Какой дурак писатель придумал, что герои – это слабаки, мечтатели, небожители? И значит, сильные люди, знающие всему цену, не дающие себя в обиду, это плохие, да?
А войну кто выигрывает, а революции? Мечтатели ваши? А страну от разрухи, от разброда подымает до мировых стандартов – кто? Небожители?! Я ведь не на Камчатке и не в облаках витаю, я, вся кругом больная, двух детей на ноги поставила, мужика деревенского в художника превратила, одна за двоих двадцать лет все удары принимаю – и кто я после всего этого?
А я после этого для ваших «добреньких» теляточек-небожителей, конечно, знаю – кто! Я – цепкий мещанин, жестокий прагматик, буржуй-накопитель и т. д.
Господи! Как несправедлива ложь человеческая!
А вы знаете, что этот добряк сотворил? Ему надоело трудиться на жену и детей, а в переводе на приличный манер это называется «устал от соучастия в буржуазном накопительстве, устал потакать жене-собственнице» – и что же он сотворил? Хотите историю почище сказки? Зять ваш устроил пожар, он сжег всю лабораторию, он дотла спалил тысячные приборы, все свое состояние, Гоголь самодеятельный! Да-да! И слабаки бывают способны на подвиг! И я бы его, может, даже бы и уважать начала – черт с ним, хоть за первый в жизни личный поступок. Не позволил! Не дал в себе мужика почувствовать! Сам переступил через порог, и сам же скапустился: аллергию признали врачи!
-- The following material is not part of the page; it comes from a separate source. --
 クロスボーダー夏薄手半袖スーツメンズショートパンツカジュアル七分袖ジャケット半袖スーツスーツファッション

Софья Семеновна из диспансера, своя баба, честно мне сказала: помрет он, паршой покроется, гони его от его места преступления, меняй ему климат – глядишь, и думы поменяет, чесотка кончится, обмороки пройдут…
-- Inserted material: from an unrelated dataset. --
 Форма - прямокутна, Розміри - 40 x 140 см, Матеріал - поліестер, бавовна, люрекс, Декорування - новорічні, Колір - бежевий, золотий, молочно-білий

Пишу вам, а напротив – он. Жили мы вместе, а выходит – все врозь. Был чужой мужичок, все получил от семьи, вырос в человека и сам придумал расчет: пожар вместо благодарности, чесотка вместо честного труда».
…А за окошком поезда – дождик закрапал…
– Этого еще мне не хватало! Скоро выходить, чего доброго, простужусь перед поездкой, ах ты, черт возьми…
– Лер! – вынырнул Дима из воспоминания. – Лер, а ты что все «я» да «я»' А если мы оба простудимся?